La campagne pour le Brexit a été dominée par l’aile souverainiste du Parti conservateur et par l’extrême droite (l’UKIP). Ils se sont saisis de l’aspiration légitime de la population à rompre avec un cadre anti-démocratique et anti-social pour l’emmener sur un terrain nauséabond, celui de la chasse aux immigrés, du repli sur soi. Mais ce serait une erreur pour l’extrême gauche de confondre l’aspiration à la démocratie, au refus des injonctions et des carcans de l’UE, avec le nationalisme xénophobe. Nous devons au contraire expliquer que ces aspirations sont perverties par l’extrême droite, et que la « souveraineté » à défendre est celle du pouvoir des travailleurEs, impliquant non seulement de rompre avec l’UE, mais aussi avec toutes les institutions du capital. Notre internationalisme ne voit pas l’UE comme un progrès qu’il faudrait parachever.
Le Parti travailliste de Corbyn aurait du prendre la tête de la campagne pour le Brexit. Corbyn aurait alors été en position de force pour gouverner le pays. Mais il a fait campagne pour le Brimain, ce qui l’a coupé de sa base ouvrière du nord de l’Angleterre ou du Pays de Galles, qui du coup cède de plus en plus aux sirènes de l’UKIP.
Les deux plus grands partis d’extrême gauche (SWP et Socialist Party) ont eu raison de faire campagne pour le Brexit. Au lieu de faire la morale aux travailleurEs en leur expliquant que vouloir rompre avec l’UE, c’est être raciste ou faire le jeu de l’extrême droite, ils se sont appuyés sur leur conscience de classe élémentaire qui leur fait rejeter l’UE pour la faire avancer vers l’anticapitalisme.
Le Brexit est un coup dur pour les bourgeoisies européennes
La bourgeoisie anglaise est affaiblie puisqu’elle perd l’appui de l’UE. En outre, le Brexit déstabilise les économies européennes et le spectre d’une nouvelle crise se profile.
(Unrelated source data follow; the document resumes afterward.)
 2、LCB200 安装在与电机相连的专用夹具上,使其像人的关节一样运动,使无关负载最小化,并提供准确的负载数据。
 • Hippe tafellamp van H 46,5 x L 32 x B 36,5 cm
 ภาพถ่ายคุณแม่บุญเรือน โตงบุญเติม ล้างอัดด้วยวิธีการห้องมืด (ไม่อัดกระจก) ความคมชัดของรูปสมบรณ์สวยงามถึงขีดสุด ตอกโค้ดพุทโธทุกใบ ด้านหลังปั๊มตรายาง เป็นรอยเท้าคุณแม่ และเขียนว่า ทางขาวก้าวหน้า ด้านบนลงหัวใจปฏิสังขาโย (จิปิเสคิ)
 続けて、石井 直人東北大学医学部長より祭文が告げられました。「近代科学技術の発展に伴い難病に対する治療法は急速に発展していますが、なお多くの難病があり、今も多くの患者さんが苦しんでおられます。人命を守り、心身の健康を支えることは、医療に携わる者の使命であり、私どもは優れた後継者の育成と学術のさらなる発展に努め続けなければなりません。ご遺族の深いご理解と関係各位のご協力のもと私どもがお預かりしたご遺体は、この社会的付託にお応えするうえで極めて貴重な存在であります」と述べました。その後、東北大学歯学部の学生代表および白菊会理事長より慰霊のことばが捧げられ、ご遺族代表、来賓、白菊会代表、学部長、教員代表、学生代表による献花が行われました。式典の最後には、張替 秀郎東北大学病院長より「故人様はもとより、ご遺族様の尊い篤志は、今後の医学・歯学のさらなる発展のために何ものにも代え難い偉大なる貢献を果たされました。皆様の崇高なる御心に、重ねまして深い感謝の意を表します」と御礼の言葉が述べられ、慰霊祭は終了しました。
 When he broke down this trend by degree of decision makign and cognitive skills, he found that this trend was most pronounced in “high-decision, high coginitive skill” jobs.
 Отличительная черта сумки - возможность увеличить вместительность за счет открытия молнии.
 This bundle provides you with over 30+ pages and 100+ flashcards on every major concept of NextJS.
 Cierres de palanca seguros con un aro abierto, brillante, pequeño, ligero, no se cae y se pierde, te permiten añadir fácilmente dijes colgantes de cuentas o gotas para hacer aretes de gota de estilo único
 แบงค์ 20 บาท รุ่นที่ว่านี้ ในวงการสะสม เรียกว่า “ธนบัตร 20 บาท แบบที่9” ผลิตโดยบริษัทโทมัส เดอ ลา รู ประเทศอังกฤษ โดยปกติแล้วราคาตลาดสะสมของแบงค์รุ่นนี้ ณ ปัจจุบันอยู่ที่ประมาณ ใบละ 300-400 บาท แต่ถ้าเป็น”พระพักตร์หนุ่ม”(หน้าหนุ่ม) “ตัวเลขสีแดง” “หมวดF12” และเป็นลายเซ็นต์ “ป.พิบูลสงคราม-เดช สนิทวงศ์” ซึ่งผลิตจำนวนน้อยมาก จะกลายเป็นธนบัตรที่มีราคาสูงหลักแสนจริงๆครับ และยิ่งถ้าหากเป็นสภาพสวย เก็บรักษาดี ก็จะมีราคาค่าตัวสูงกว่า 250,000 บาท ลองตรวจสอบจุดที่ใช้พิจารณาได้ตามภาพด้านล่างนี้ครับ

Le Brexit est en outre un point d’appui pour les travailleurEs des autres pays de l’UE. Les institutions de l’UE sont affaiblies, et les travailleurEs prennent conscience qu’il est possible d’en finir avec des constructions présentées comme indéboulonnables. Et affaiblir l’UE, c’est affaiblir toutes les bourgeoisies de l’UE, donc c’est faciliter notre lutte en France contre le patronat et le gouvernement.
Pas d’internationalisme sans rupture avec l’UE
Certains à l’extrême gauche nous expliquent que ces phénomènes de crise ne peuvent que profiter à l’extrême droite. Ils en tirent la conclusion qu’il faut faire bloc avec la bourgeoisie européiste au pouvoir pour sauver l’UE. C’est ce positionnement qui laisse les partis d’extrême droite apparaître frauduleusement comme les seuls opposants aux gouvernements. Leur force tient en grande partie à notre faiblesse, notamment au refus de se saisir des questions concrètes pour les articuler à notre perspective anticapitaliste et internationaliste, celle d’un gouvernement des travailleurEs expropriant les capitalistes, reconstruisant l’économie pour satisfaire les besoins et refondant les relations avec les autres peuples vers une Europe socialiste des travailleurEs.